• _Data provided_
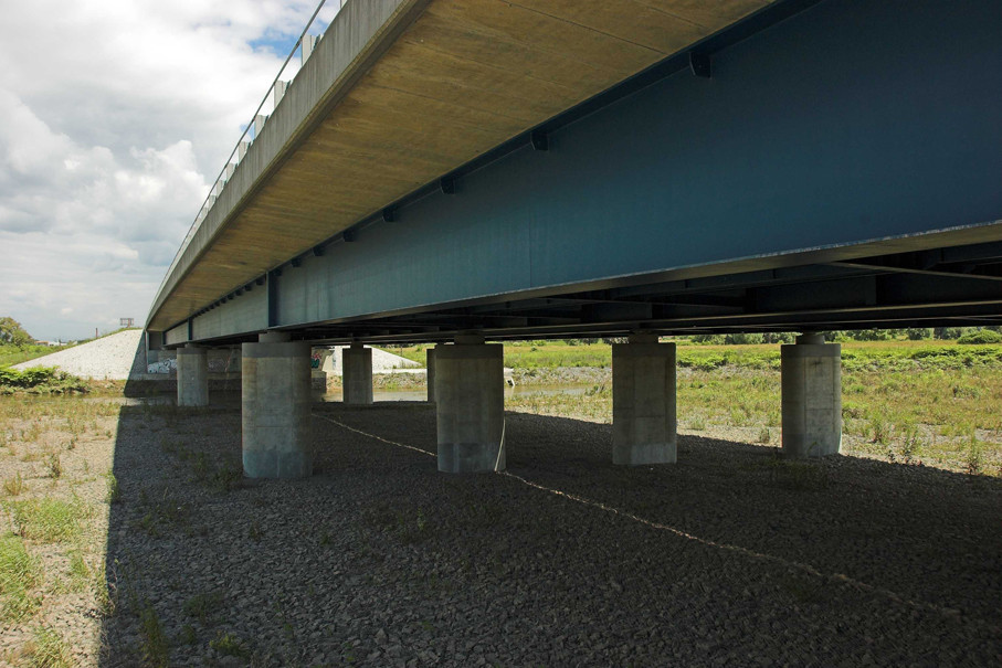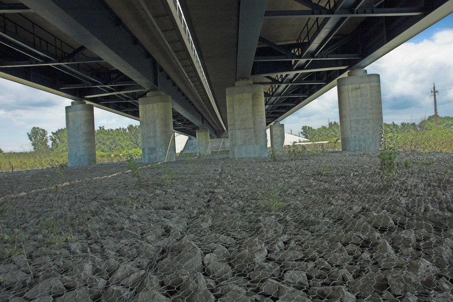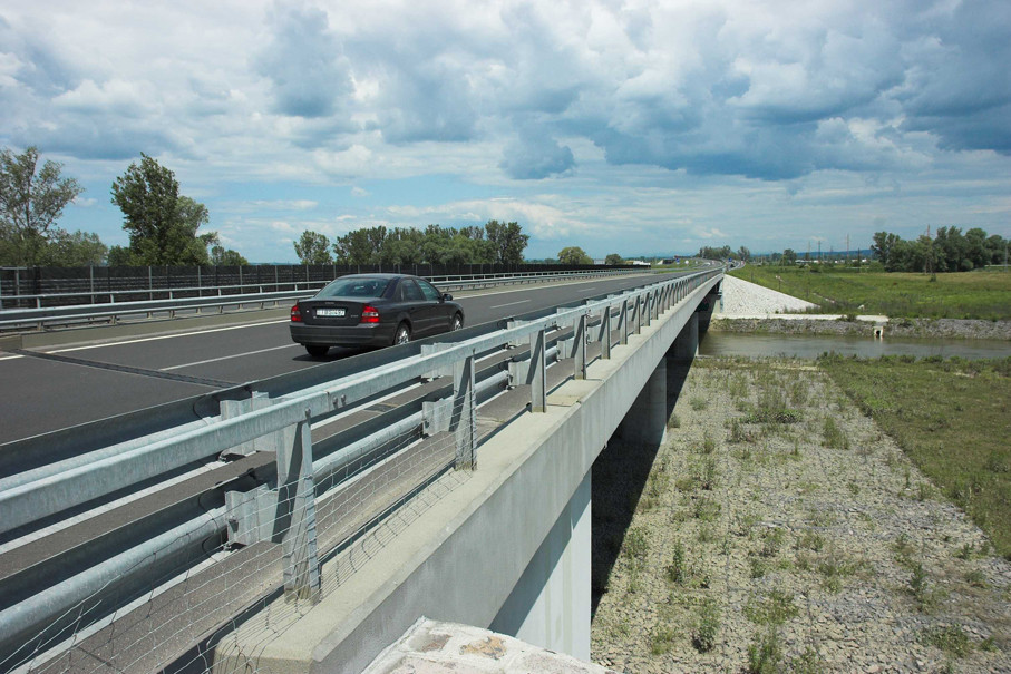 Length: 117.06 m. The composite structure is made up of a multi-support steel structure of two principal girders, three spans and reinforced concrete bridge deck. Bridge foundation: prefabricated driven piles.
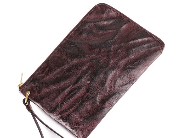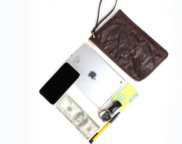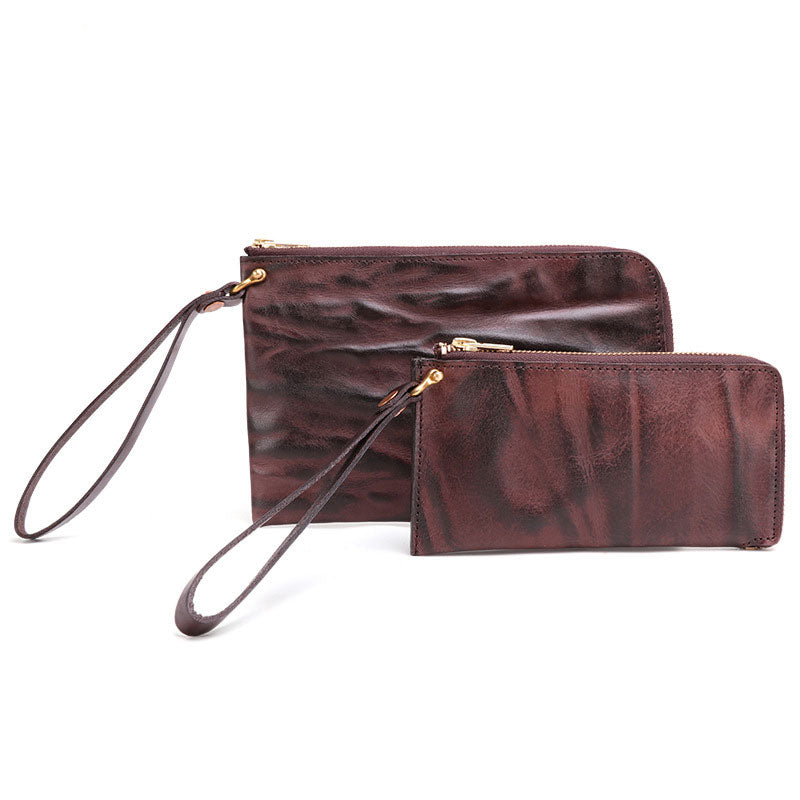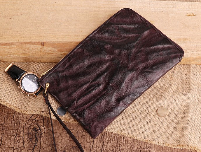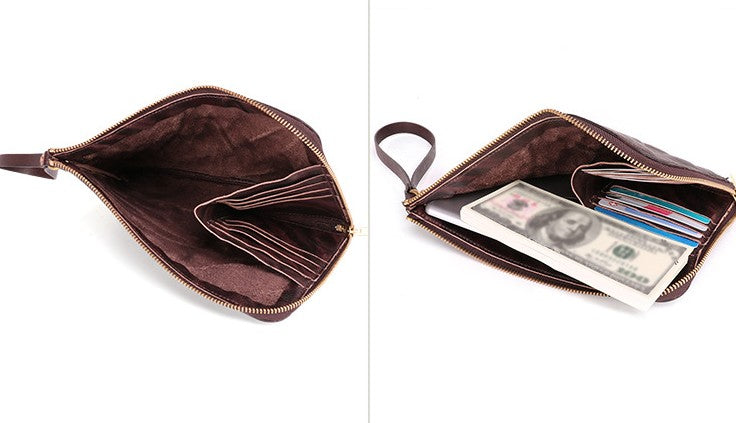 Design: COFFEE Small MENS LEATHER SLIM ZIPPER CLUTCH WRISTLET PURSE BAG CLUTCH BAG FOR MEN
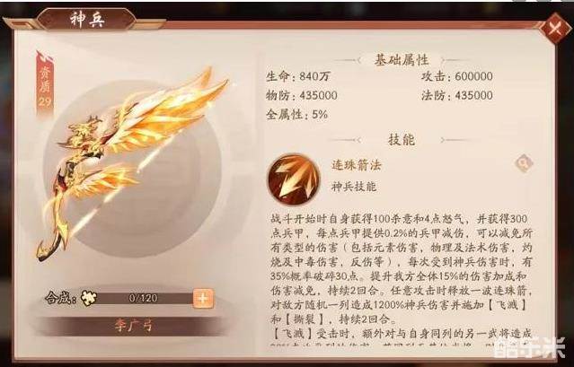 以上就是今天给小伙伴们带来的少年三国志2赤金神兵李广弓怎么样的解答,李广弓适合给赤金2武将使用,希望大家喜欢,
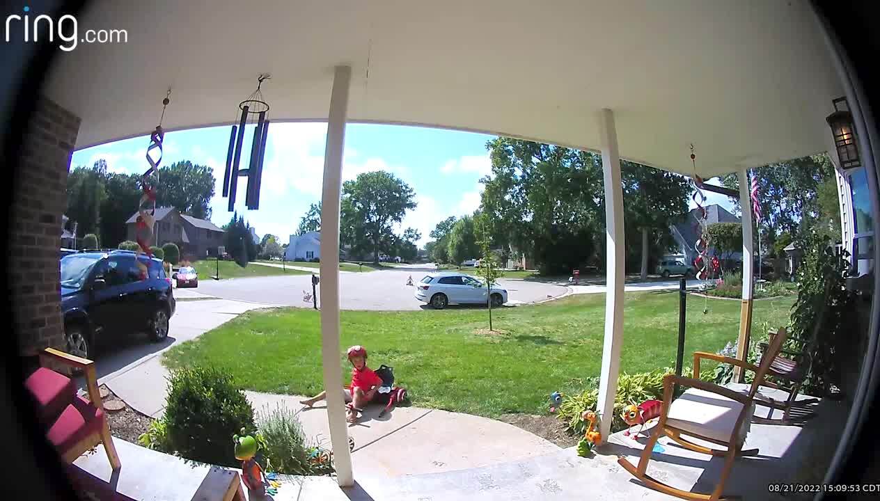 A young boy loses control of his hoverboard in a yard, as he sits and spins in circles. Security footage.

• _Assignment_
Set down all of the material above exactly as written, leaving the pictures out.

• _Output for this exercise_
 Length: 117.06 m. The composite structure is made up of a multi-support steel structure of two principal girders, three spans and reinforced concrete bridge deck. Bridge foundation: prefabricated driven piles.
 Design: COFFEE Small MENS LEATHER SLIM ZIPPER CLUTCH WRISTLET PURSE BAG CLUTCH BAG FOR MEN
 以上就是今天给小伙伴们带来的少年三国志2赤金神兵李广弓怎么样的解答,李广弓适合给赤金2武将使用,希望大家喜欢,
 A young boy loses control of his hoverboard in a yard, as he sits and spins in circles. Security footage.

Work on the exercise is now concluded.